Directions
An exact copy of the lines from the top of the data through the line with "the surface. |" is what you should give, with no pictures in it.

-- Available data follows --

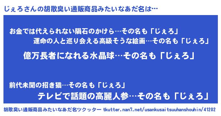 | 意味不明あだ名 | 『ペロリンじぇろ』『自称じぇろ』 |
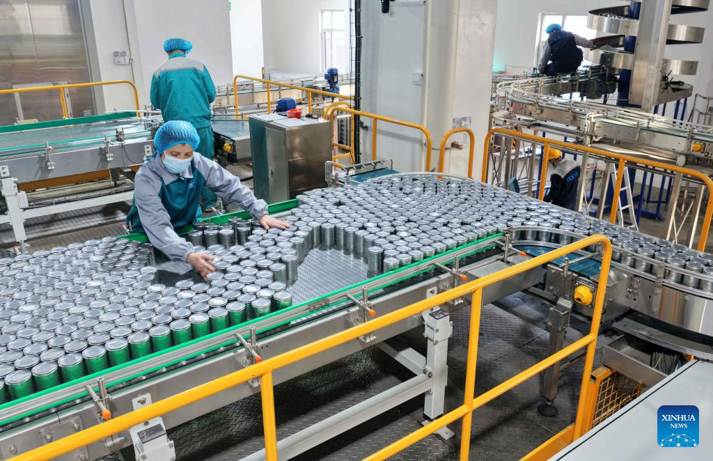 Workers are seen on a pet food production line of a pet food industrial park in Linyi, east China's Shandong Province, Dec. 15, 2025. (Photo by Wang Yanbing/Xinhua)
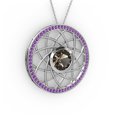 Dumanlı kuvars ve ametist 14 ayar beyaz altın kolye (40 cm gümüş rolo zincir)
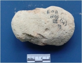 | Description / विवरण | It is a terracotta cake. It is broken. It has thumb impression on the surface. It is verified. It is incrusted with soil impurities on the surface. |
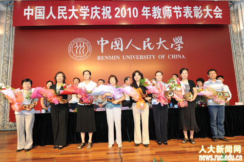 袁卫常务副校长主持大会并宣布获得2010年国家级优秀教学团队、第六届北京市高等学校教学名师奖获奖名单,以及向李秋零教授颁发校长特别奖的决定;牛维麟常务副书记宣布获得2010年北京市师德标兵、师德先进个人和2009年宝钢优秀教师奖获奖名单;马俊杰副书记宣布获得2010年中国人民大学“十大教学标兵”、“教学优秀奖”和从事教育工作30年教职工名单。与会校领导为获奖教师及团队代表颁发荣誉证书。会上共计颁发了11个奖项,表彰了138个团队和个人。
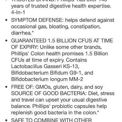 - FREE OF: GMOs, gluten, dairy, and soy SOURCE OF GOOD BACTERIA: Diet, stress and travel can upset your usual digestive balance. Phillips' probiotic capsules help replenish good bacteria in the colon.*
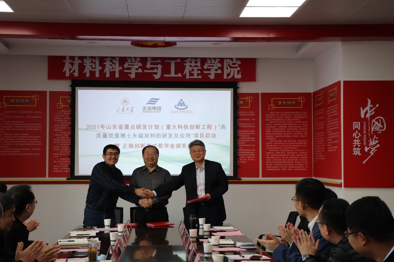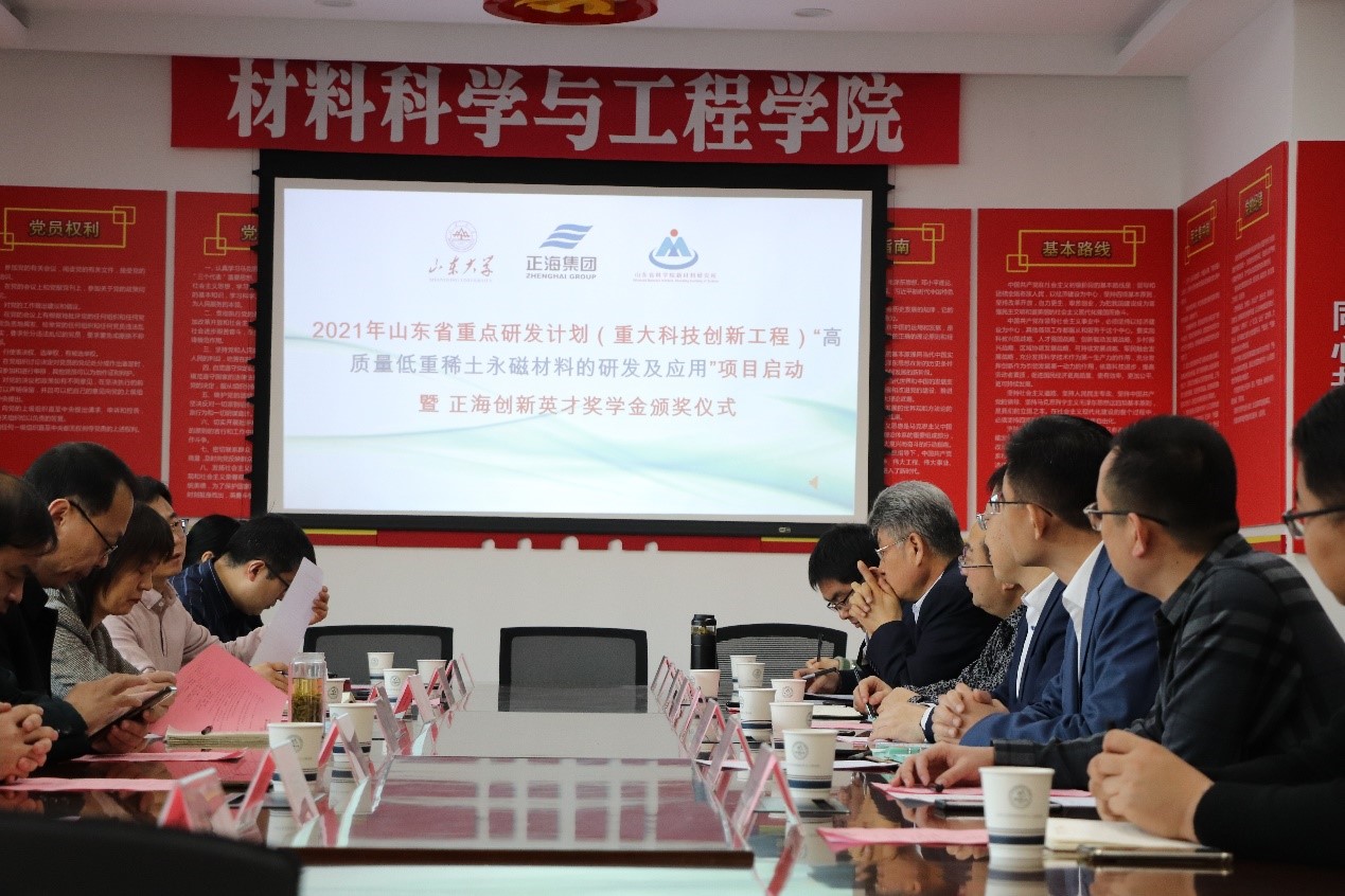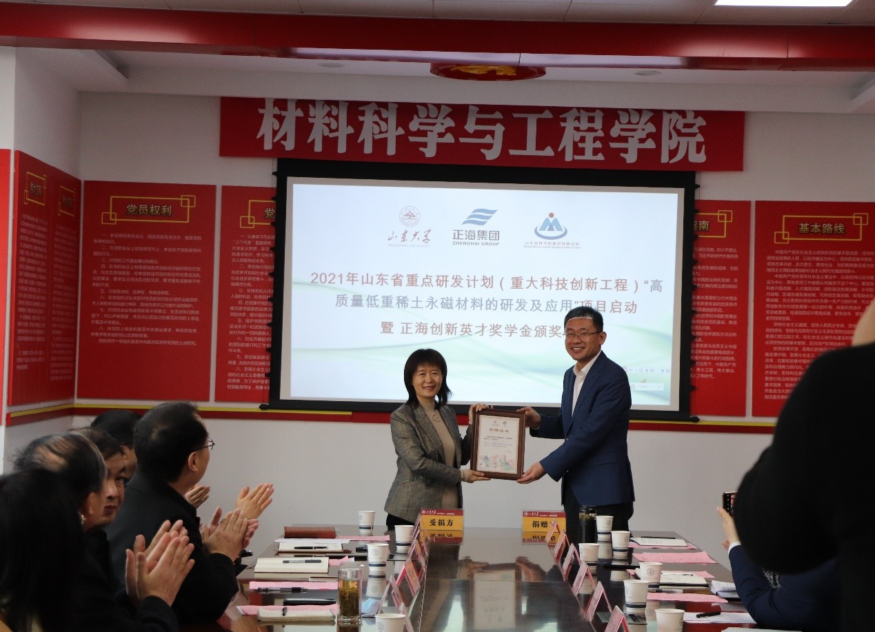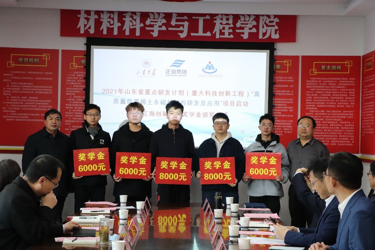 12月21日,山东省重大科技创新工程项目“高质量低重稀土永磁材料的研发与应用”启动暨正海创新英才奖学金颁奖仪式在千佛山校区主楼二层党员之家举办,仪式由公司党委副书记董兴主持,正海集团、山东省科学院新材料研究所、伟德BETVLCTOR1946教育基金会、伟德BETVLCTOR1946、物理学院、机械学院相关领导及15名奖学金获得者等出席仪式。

-- Available data concluded --

Result of the exercise
 | 意味不明あだ名 | 『ペロリンじぇろ』『自称じぇろ』 |
 Workers are seen on a pet food production line of a pet food industrial park in Linyi, east China's Shandong Province, Dec. 15, 2025. (Photo by Wang Yanbing/Xinhua)
 Dumanlı kuvars ve ametist 14 ayar beyaz altın kolye (40 cm gümüş rolo zincir)
 | Description / विवरण | It is a terracotta cake. It is broken. It has thumb impression on the surface. It is verified. It is incrusted with soil impurities on the surface. |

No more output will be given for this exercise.